深層階の魔物
そろそろ終盤ですが、書き溜め分が尽きてしまいました。(汗
深層階の魔物
「カレン! 上からブレス! 避けろ!」
「はい!」
「硬いのは嫌いです。ファイアショット!」
「アラタ! 下は任せて! サンダーラッシュ!」
「よし! 飛び乗る!」
現在は72階層、パターン通り、新顔が2種出て、目下奮戦中である。
今、女性陣が攻撃しているのは、亀と蛇が合体したような形の魔物。
体長は尻尾を含めると3mくらいはあるだろうか? 結構でかい。
名前は既についていて『ゲンブ』、漢字だと、『玄武』と書くのだろう。
とにかく硬い!
誤って甲羅を殴ってしまうと、こっちの拳がかなり痛い。
というか、ダメージを喰らう。
カレンの盾スキルと同様、喰らった攻撃の何割かを返す技能のようだ。
それで、今、俺が飛び乗ろうしているのは、『ピンクドラゴン』。
こいつにも既に名前がついていた。
名前通り、俺の世界のヨーロッパの伝説に出るドラゴンとそっくりだ。
特徴は、うざいの一言に尽きる。
飛ぶわ、火を吐くわ、火魔法が効かないわ、耐久力もあるわ、爪は鋭いわ、とにかく厄介だ!

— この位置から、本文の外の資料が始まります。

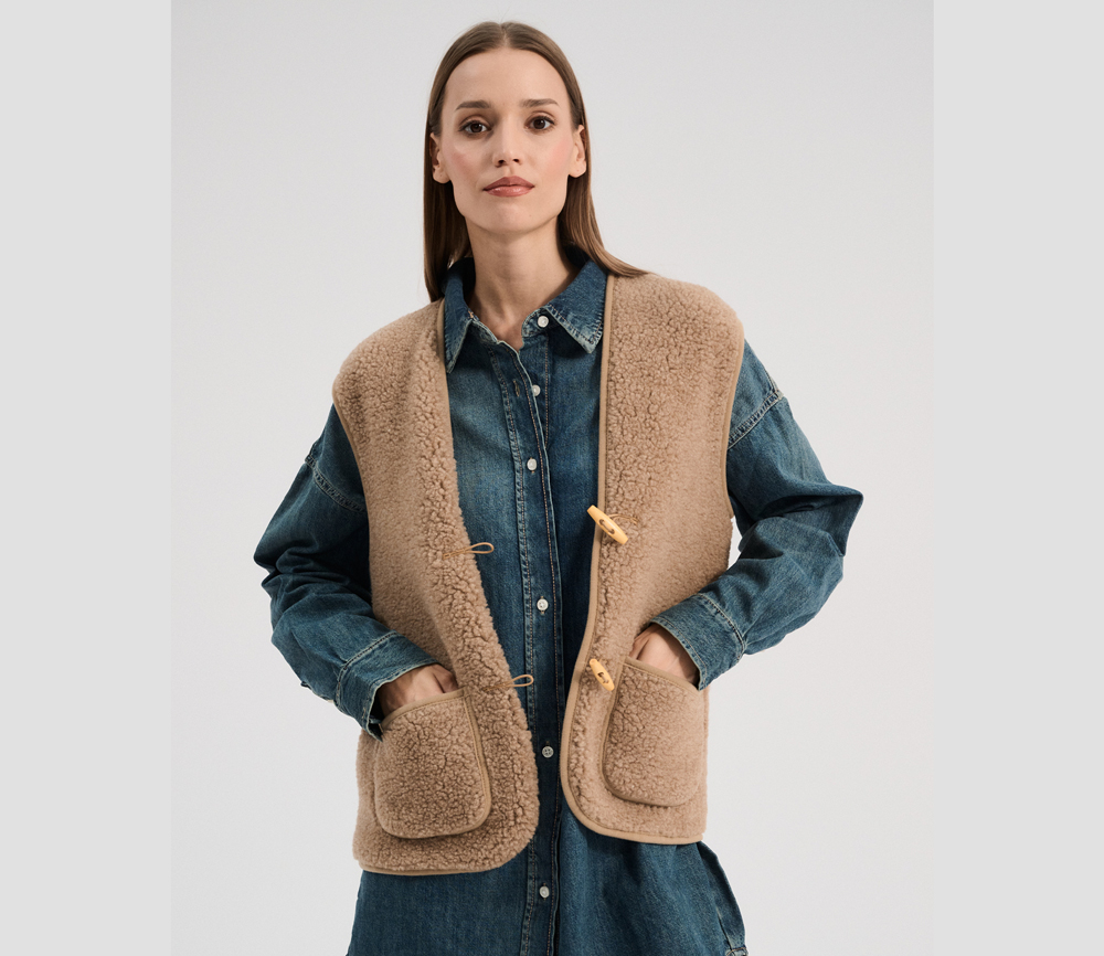 Alwero – Bodywarmer „Alpen 3.0“ Adult, Biowolle, Tan, ultra light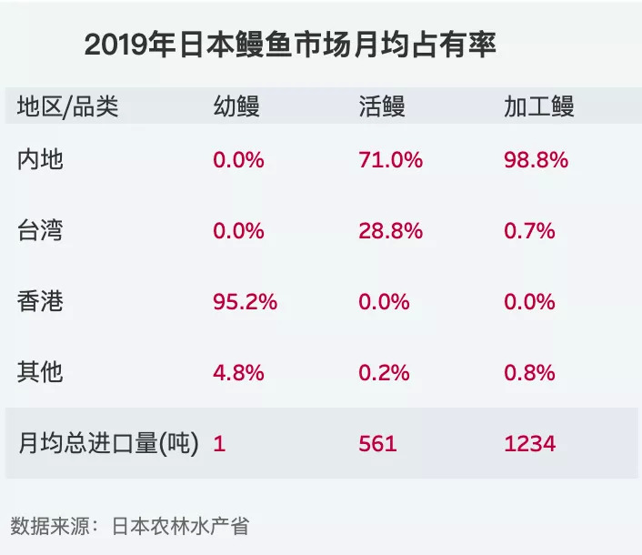 在上图中,我们还可以看见另一个内地全年霸榜的产品,那就是「调制鳗鱼」,即鳗鱼的加工制品。鳗鱼相关的产品有三类,除了调制鳗鱼,还有活鳗和幼鳗。再结合下图可以知道,我国两岸三地几乎垄断了日本的鳗鱼进口市场,常常把日本和美味鳗鱼饭联系起来的小伙伴是不是没想到呢!

おまけに、こいつのブレスは【火耐性中】では無力化できないときている。
余談だが、ピンク色の見た目と、凶悪さのアンバランス感が凄まじい。
ちなみに、ピンクドラゴンの弱点は水魔法のようなのだが、飛んでいるので、【大津波】とかは効かない、というか届かない。
そして、玄武の弱点は火魔法。
更に、ドラゴンとは全く逆で、水魔法を唱えると、どうやら吸収してしまうようだ。
なので、範囲魔法とかを使って纏めて相手するには、最悪のコンビである。
「そっちに火を吐かれると困るんだよ!」
俺はドラゴンの背に飛び乗り、強引に首の向きを変える!
こいつには、あらゆる耐性があるようで、飛行する魔物に特効だった、【ハイスタン】が効かないし、【三重苦のナイフ】も無力だ。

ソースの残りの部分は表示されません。